=== Section Start ===
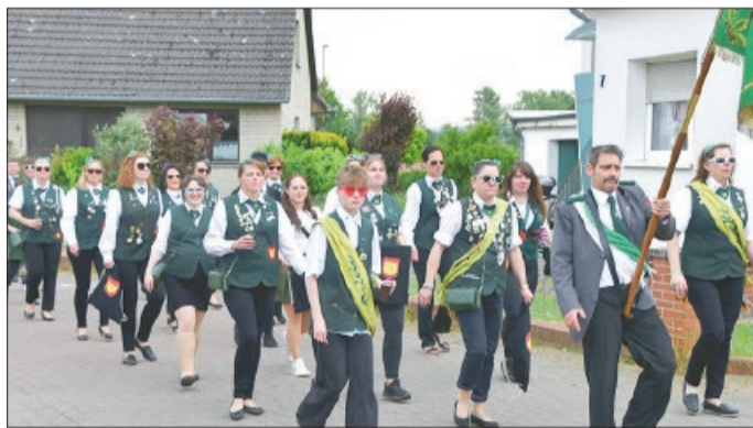
Die Schützendamen aus Bründeln sind beim Umzug auch wieder mit dabei.
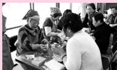
白川高層住宅集会所の「いこい亭」(月2回 第2、4水曜日)

世代を越えた交流が深まり、そこから個人や地域の困り事も浮き上がり、また継続的な見守りの場にもなっています。これらは社協地域福祉活動計画にある『地域の拠点作り』の一つといえます。誰もが「ぶらっと」やっ来て、「ホッと」する場。そんな『地域の拠点』が一つでも多くできるよう、今年度も各地区と一緒に取り組んでいきます。
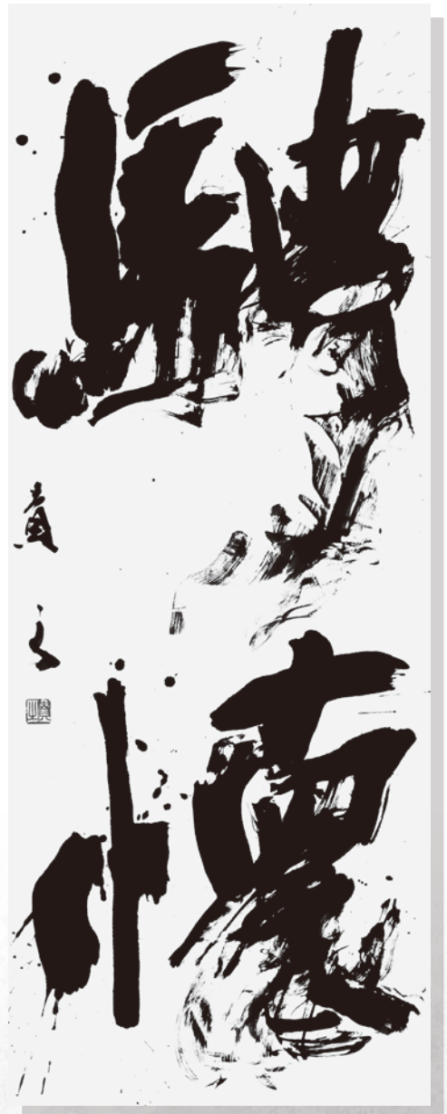
天満谷貴之 (函館市) 『騁懐』 (175 × 75)
=== Section End ===
- **DIRECTIONS FOR THIS TASK**
Using the listing above, copy exactly the lines from the one that contains "世代を越えた交流が深まり、そ" through its last line, both included, but not the pictures.

- **EXERCISE ANSWER**
世代を越えた交流が深まり、そこから個人や地域の困り事も浮き上がり、また継続的な見守りの場にもなっています。これらは社協地域福祉活動計画にある『地域の拠点作り』の一つといえます。誰もが「ぶらっと」やっ来て、「ホッと」する場。そんな『地域の拠点』が一つでも多くできるよう、今年度も各地区と一緒に取り組んでいきます。
天満谷貴之 (函館市) 『騁懐』 (175 × 75)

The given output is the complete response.